川本梅花 フットボールタクティクス

【無料記事】取材は「武蔵野市立武蔵野陸上競技場」より

取材は「武蔵野市立武蔵野陸上競技場」より

JFL(日本フットボールリーグ)に所属するラインメール青森の1年間を通した戦いが終わった。11月13日の日曜日、MIOびわこ滋賀との最終戦をホームグラウンドで迎えたラインメールは、0-2の完敗を喫した。セカンドステージは勝点28で5位。年間通算順位は、勝点45の8位だった。なお1つ上の7位には、同じ県のライバルチーム・ヴァンラーレ八戸がいる。

ラインメール青森は、セカンドステージの第1節(6月19日)対FC大阪戦[1〇0]から第8節(9月11日)対奈良クラブ戦までの8試合のうち、第7節のブリオベッカ浦安戦の引き分け[0△0]をはさんで7連勝を飾り、スタートダッシュに成功する。一時は首位をキープしたが、第11節(10月16日)のホンダロックSC戦での大敗[0-3]をキッカケに失速していくことになる。

僕が見に行った試合は、ホンダロックSCに大敗を受けての次の試合となった第12節(10月22日)の東京武蔵野シティFCとの一戦であった。戦いは、MF村瀬勇太の先制点からFW中村太一の勝ち越し弾で2-1の勝利を得た。この勝ち星が、サポーターにとって今季最後のうれしい贈り物となった。

【黄色の瞳】Note.6:取材は「武蔵野市立武蔵野陸上競技場」より

写真はスタンドから試合を見つめる少年の後ろ姿だ。青森からチームを応援するためにスタジアムがある三鷹まで駆けつけた。お母さんと一緒だったから、少年の自由意思ではないのだろうが、少年が見つめる先にラインメール青森の選手たちがいた。

社会人リーグから昇格した初年度のラインメール青森が、1939年に創設された歴史を持つ横川電機を起源とする東京武蔵野シティFCに、実力差を見せて勝利を収めるなど、本当なら「奇跡」と呼べる出来事である。少年の目に映るチームが、今年度にやり遂げた戦いは、ものすごく称賛に価することなのだ。

試合が終わって監督会見が行われる。先に登壇したのは、東京武蔵野シティFCの吉田康弘監督だった。監督から発せられた第一声がこれである。

「実力差を感じました」

吉田監督の言葉を聞いて、僕も同じような印象を抱いていた。

「実力の差が出た試合だった」

しかしラインメール青森は、この試合の後に失速する。失速の原因は明らかで、相手に研究されたことである。守備が良いラインメール青森は先制点が欲しい。しかし先に相手に先制点を奪われたら、攻撃のために前がかりにならざるを得ない。そこを突かれて失点を重ねて悪循環に陥ったのである。

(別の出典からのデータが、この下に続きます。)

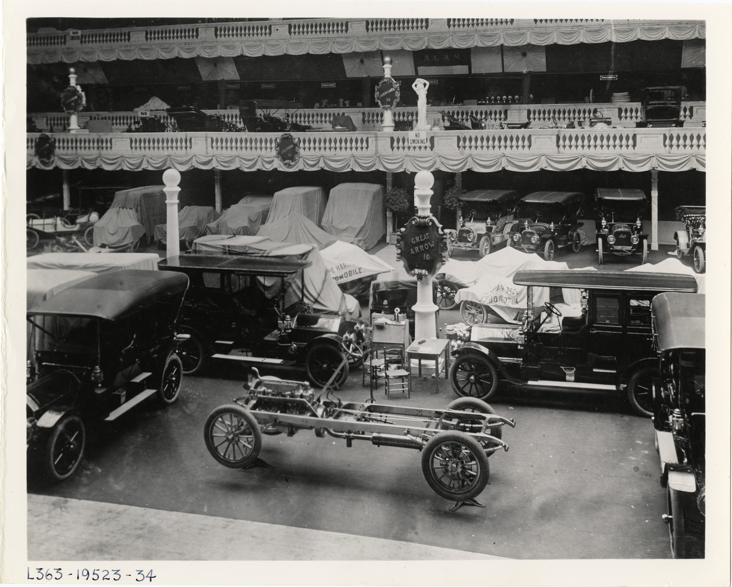 Favorite this☆ Great Arrow automobiles on exhibit, 1908 New York Auto Show Description: View of Pierce Great Arrow cars and chassis on exhibit during the 1908 New York Auto Show held at Madison Square Garden. Handwritten on back: "Shows--New York, 1908." Details Resource ID: na017615 Subject: Pierce-Arrow automobile Automobiles--Chassis Trade shows--New York (State)--New York Photographic prints Date Issued: 1908 Format: 1 photographic print ; 8 x 10 in. Member of: National Automotive History Collection Lazarnick Collection Filing Location: Shows--New York, 1903-1905, 1907-1908 Rights: Physical rights are retained by DPL. Copyright is retained in accordance with U.S. copyright laws.

ラインメール青森がJ3に昇格するためには、ライセンスで規定されているいくつもの事柄をクリアしないとならない。それは、この日の少年が、自分の意思でラインメール青森を応援しようと駆けつける日まで待つ必要があるかもしれない。道のりは険しいが、東京武蔵野シティFC戦での試合を見て、ラインメール青森の未来は輝くものとなるだろうと僕は確信を抱いたし、そうなることを心から願っている。